**TASK ITEM**
Find the line below with "TWINKLY Strings - Stringa". Print it and every line after it exactly, through the last line, leaving out the pictures.

**DATA**
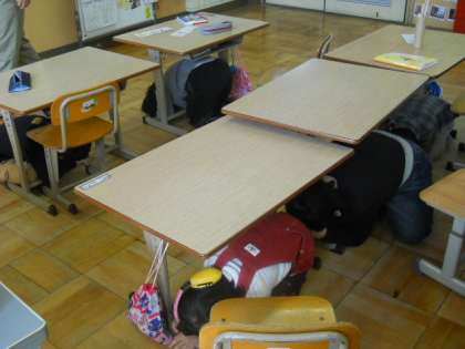 訓練では,放送を聞いて頭を守って姿勢を低くし,机の下に隠れることができました。
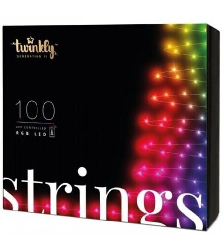 TWINKLY Strings - Stringa luminosa a led controllata dall'applicazione con 100 led rgb. 8 metri. Filo nero. Per interni ed esterni -
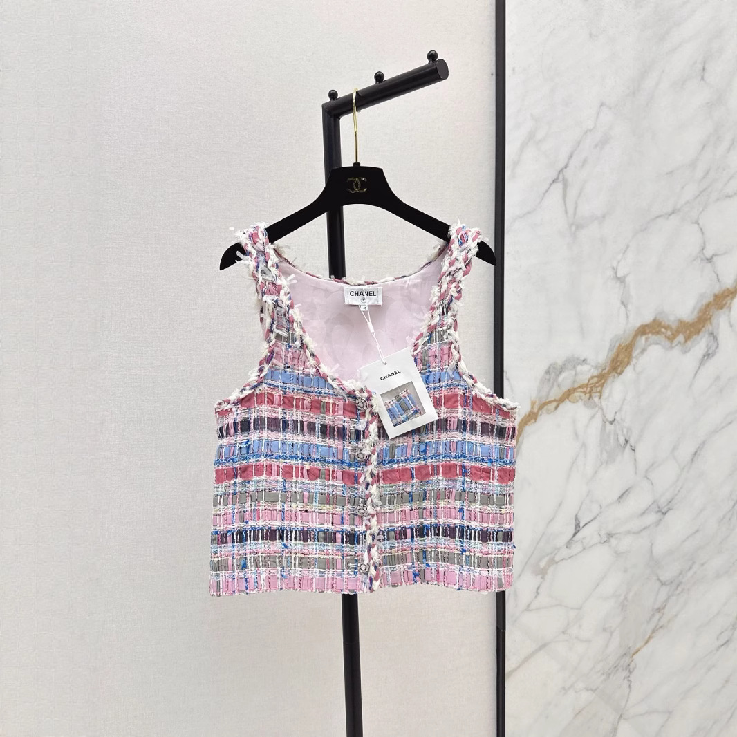 深圳南油25春夏高端女装复古时髦小香风粗花呢短款小背心

**EXPECTED ANSWER**
 TWINKLY Strings - Stringa luminosa a led controllata dall'applicazione con 100 led rgb. 8 metri. Filo nero. Per interni ed esterni -
 深圳南油25春夏高端女装复古时髦小香风粗花呢短款小背心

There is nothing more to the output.